A 1ª Seção do Superior Tribunal de Justiça concluiu julgamento em recurso repetitivo e definiu que postos revendedores de combustíveis não podem se creditar de PIS e Cofins referentes ao período em que as alíquotas dessas contribuições foram zeradas para produtores e importadores em 2022. A tese, agora obrigatória para todo o Judiciário, encerra disputa iniciada após as mudanças legais aprovadas durante a escalada dos preços internacionais provocada pela guerra entre Rússia e Ucrânia.
Origem da controvérsia
Em março de 2022, a Lei Complementar nº 192 reduziu a zero as alíquotas de PIS e Cofins incidentes sobre gasolina, etanol, diesel e gás de cozinha, medida adotada para conter a alta dos combustíveis. Naquele momento, manteve-se a possibilidade de aproveitamento de créditos vinculados às operações da cadeia. Porém, três meses depois, a Lei Complementar nº 194 revogou esse dispositivo, retirando dos revendedores o acesso aos créditos.
A mudança levou empresas do setor a ajuizarem ações alegando que a exclusão violaria os princípios da anterioridade anual ou, ao menos, da anterioridade nonagesimal. Se a tese prosperasse, os revendedores poderiam compensar créditos até o fim de 2022, gerando valores expressivos a restituir ou abater de tributos correntes.
O julgamento na 1ª Seção
Relatado pelo ministro Gurgel de Faria, o Recurso Especial que virou Tema 1339 foi conduzido sob o rito dos repetitivos, mecanismo que uniformiza a interpretação quando há multiplicidade de processos. O ministro afirmou que a legislação de 2022 não alterou a essência do regime monofásico de combustíveis: a tributação segue concentrada no produtor ou importador, sem gerar créditos para distribuidores ou postos.
Por unanimidade, os demais ministros acompanharam o voto, firmando a seguinte tese: “Empresas revendedoras de combustíveis não possuem direito à constituição de créditos de PIS e Cofins sobre a aquisição de produtos sujeitos à tributação monofásica, ainda que exista redução temporária das alíquotas para os produtores ou importadores”.
Regime monofásico permanece intocado
No regime monofásico, o recolhimento das contribuições acontece em um único ponto da cadeia. Dessa forma, elos subsequentes não podem creditar o que não recolheram. Para o STJ, a redução a zero das alíquotas concedida aos produtores em 2022 não alterou essa lógica; apenas diminuiu, temporariamente, o valor pago na etapa inicial.
Por não ter havido criação de novo direito de crédito, o Tribunal concluiu que também não se aplicam os prazos de anterioridade defendidos pelos contribuintes. Na prática, a retirada da possibilidade de compensação teve efeito imediato, desde a publicação da Lei Complementar nº 194.
Consequências financeiras para o setor
Especialistas em tributação de combustíveis apontam que muitas revendedoras chegaram a habilitar créditos e, em alguns casos, obtiveram ressarcimentos da Receita Federal.
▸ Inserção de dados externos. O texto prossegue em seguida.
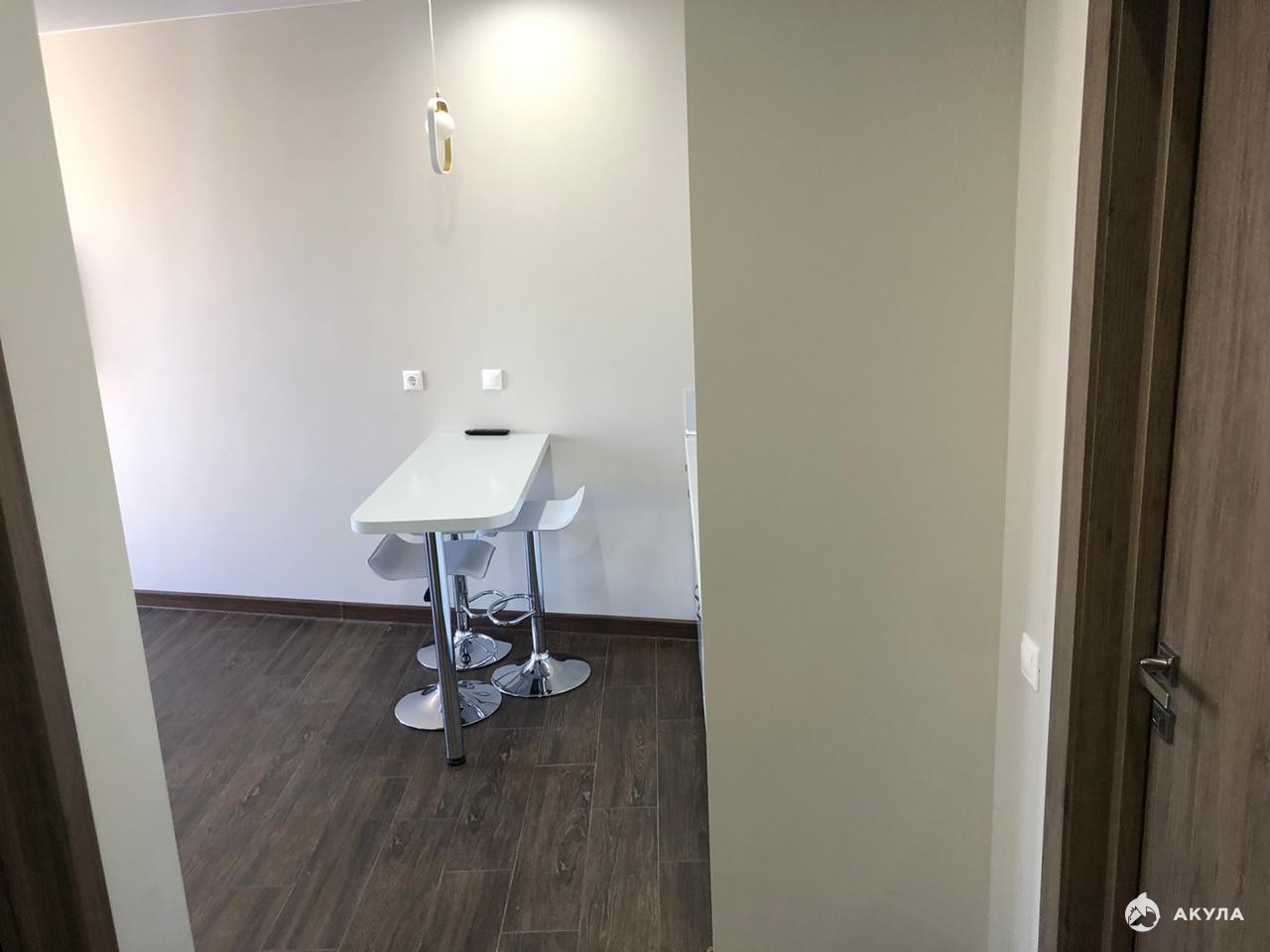 установлена мебель шкаф купе, кровать с матрацем, кухонный гарнитур, барная стойка, стулья, оборудованная прихожая,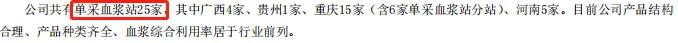单采血浆是指用离心机从人血液中分离出血浆,再把其余的成分回输给供血浆者的过程。我们国家对单采血浆制定了严格的技术标准和操作流程,且必须在单采血浆站中完成。因此,单采血浆站的数量和单站采浆能力决定了血液制品企业的原料供应,也就决定了公司的产能和业绩下限。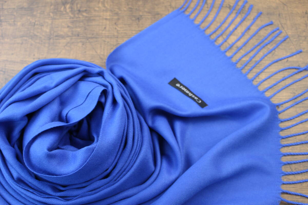 新品【カシミア Cashmere】無地 ブルー BLUE 青 Plain ライトタッチ 大判 ストール/マフラー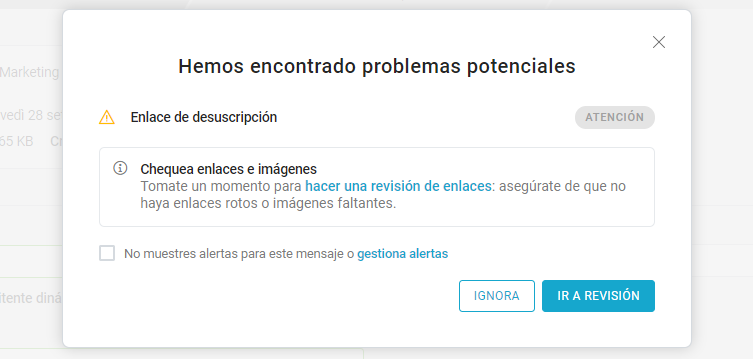 En caso de que el mensaje presente problemas y puntos críticos, se abrirá un cuadro de diálogo modal en el momento de guardar o enviar.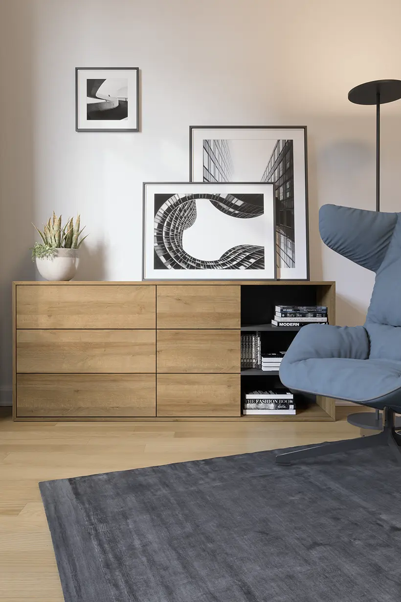 Ten niezwykle uniwersalny dekor dębowy znajduje szerokie zastosowanie w aranżacji wnętrz. W połączeniu ze strukturami betonów lub odcieniami granatu tworzy atrakcyjne rozwiązanie odpowiadające dzisiejszym trendom wzorniczym.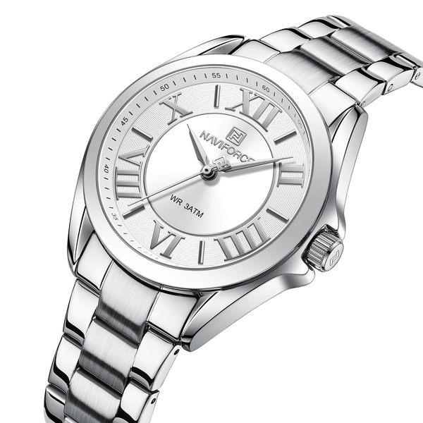 Naviforce, механізм Кварцовий, корпус 36х11, матеріали Сталь / Сталевий / Метал, колір Сріблястий, форма Круглий, стиль Класичний, індикація Аналоговий (стрілочний), тип кріплення Браслет, скло Мінеральне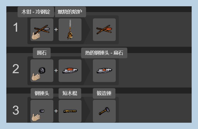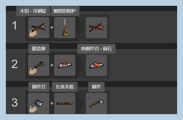 · 马上把它放在扁石上,用“锻造锤“敲一下(一共敲了1下),得到①热钢斧刃(钢斧的头部)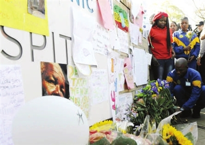昨日,警员在南非比勒陀利亚前总统曼德拉入住的医院外献花。自南非媒体23日晚报道正在住院的曼德拉病情开始恶化后,南非各界民众纷纷前往曼德拉入住的医院门外,向他表达尊敬与爱。 据新华社

Com a fixação da tese, essas empresas poderão ser cobradas a devolver valores recebidos indevidamente, além de enfrentar potenciais autuações com juros e multas.
Apesar do revés, o resultado traz segurança jurídica: a partir de agora, todas as instâncias devem seguir o entendimento do STJ, reduzindo o fluxo de novas ações e liminares sobre o tema.
Posicionamento de órgãos oficiais
A Receita Federal já vinha adotando interpretação alinhada ao regime monofásico, negando pedidos de compensação feitos pelos postos após junho de 2022. A decisão do STJ reforça esse posicionamento administrativo e consolida a jurisprudência em torno da matéria.
Próximos passos processuais
Como o Supremo Tribunal Federal considerou a discussão infraconstitucional, não cabe recurso extraordinário sobre o mérito. Restam às empresas apenas eventuais embargos de declaração para ajustes pontuais, sem efeito suspensivo. Processos em curso nas instâncias inferiores deverão ser ajustados ao precedente, o que inclui a revogação de tutelas provisórias favoráveis aos contribuintes.
Análise de impacto: custo de oportunidade para revendedores
Ao rejeitar o creditamento, o STJ elimina uma alternativa de alívio de caixa que, para muitas revendedoras, servia como compensação à volatilidade dos preços de combustíveis e às margens cada vez mais pressionadas. Sem a possibilidade de abater créditos, as empresas terão de repensar estratégias de fluxo de caixa e projeção de resultados, especialmente num cenário de custos logísticos elevados. Além disso, quem aproveitou o benefício precisará provisionar valores para eventuais devoluções, o que pode impactar indicadores de endividamento e atrair exigências de capital de giro.